While I am not scared of my shadow, I am hunkered down in my house and hoping to not be a burden on an overloaded medical system. That is what concerns me, people who ignore their responsibility to society to not put the caregivers in jeopardy needlessly. Until the CDC announces it is ok to stop the shelter in place rules, I am resigned to try to cooperate. My wife and daughter are nurses and while they are not currently practicing, I respect what doctors and nurses are doing and they are needing the public's help to limit the burden they are faced with. If by your choices, you come in contact with a "spreader" (one that is asymptomatic but spreading the virus) and get infected, I am sure you would want medical care. What if it was not available because the medical providers were sick and dying? Think about it and do the best to NOT add to the problem.
Well said, Electroliner, but there is no real conflict between you and the previous poster. He is observing the rules as you are. The issue is whether Amtrak's policy goes far enough.
daveklepper Well said, Electroliner, but there is no real conflict between you and the previous poster. He is observing the rules as you are. The issue is whether Amtrak's policy goes far enough.
I am wearing a bandana when out even though I know it is a fool's errand. But what the heck, most people don't know it. It is a railroad bandana, so maybe when this thing blows over I'll go with Butch and Sundance to hit the Flyer.

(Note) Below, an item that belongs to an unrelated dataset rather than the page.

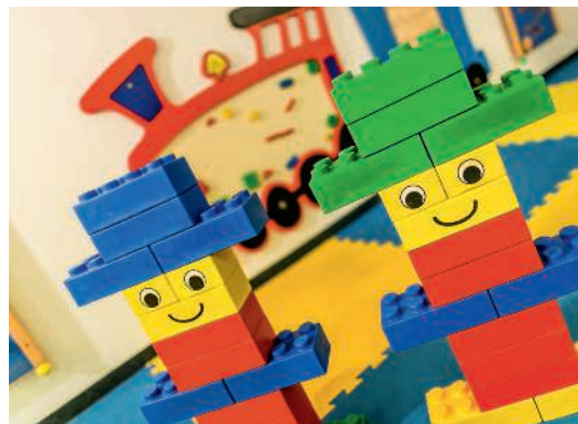
Alto Adige: kids friendly per tradizione.

Asthmatics have the ability to aersol the virus via the use of their inhaler spray. Once in an aersol the virus can travel quite a distance on the air and they have found where the aersol has floated from upstairs to downstairs in a home to infect someone else quite a distance apart. Also, several health care workers were infected this way.

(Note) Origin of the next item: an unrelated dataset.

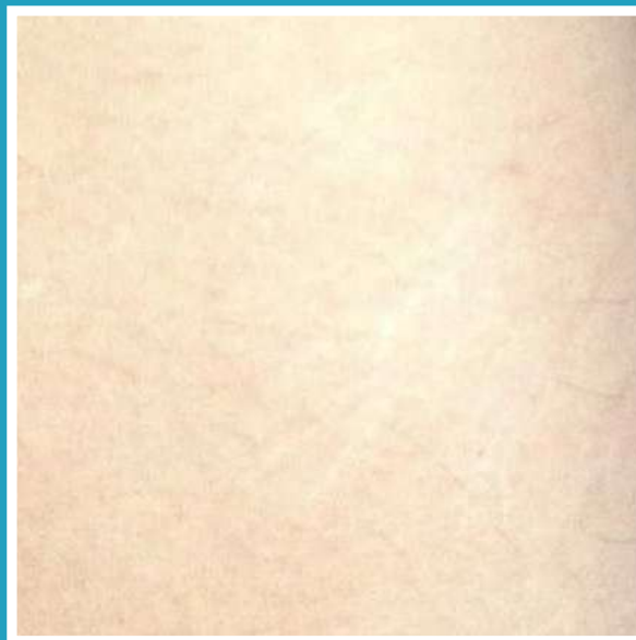
DOPO 15 BAGNI

Who was that MASKED MAN? Sorry PJS1. My Granddaughter who is working on her masters degree in epidemiology, has sewed me a nice mask for when and if I go out of the house. I am fortunate to have my children and grandchildren living near me and doing the grocery shopping for us.
I over reacted. Maybe a little stir crazy. I want this pandemic to end. I've had it with those who don't want to "hunker down" and insist that their right to congregate is absolute. (Not you) The mayor of Chicago is trying hard to break up the people who insist on going out in groups and potentially adding to the problem. And as I said the medical community needs people to stop exposing themselves to the virus. I hope that the projections that this sheltering is taking effect and the trend is downward are real and that you will be able to take your cruise in October. Though with what has happened on Cruise Ships this year, are you sure that you will be comfortable getting on one? And let us all be able to return to "normal" life way before October when I become 85.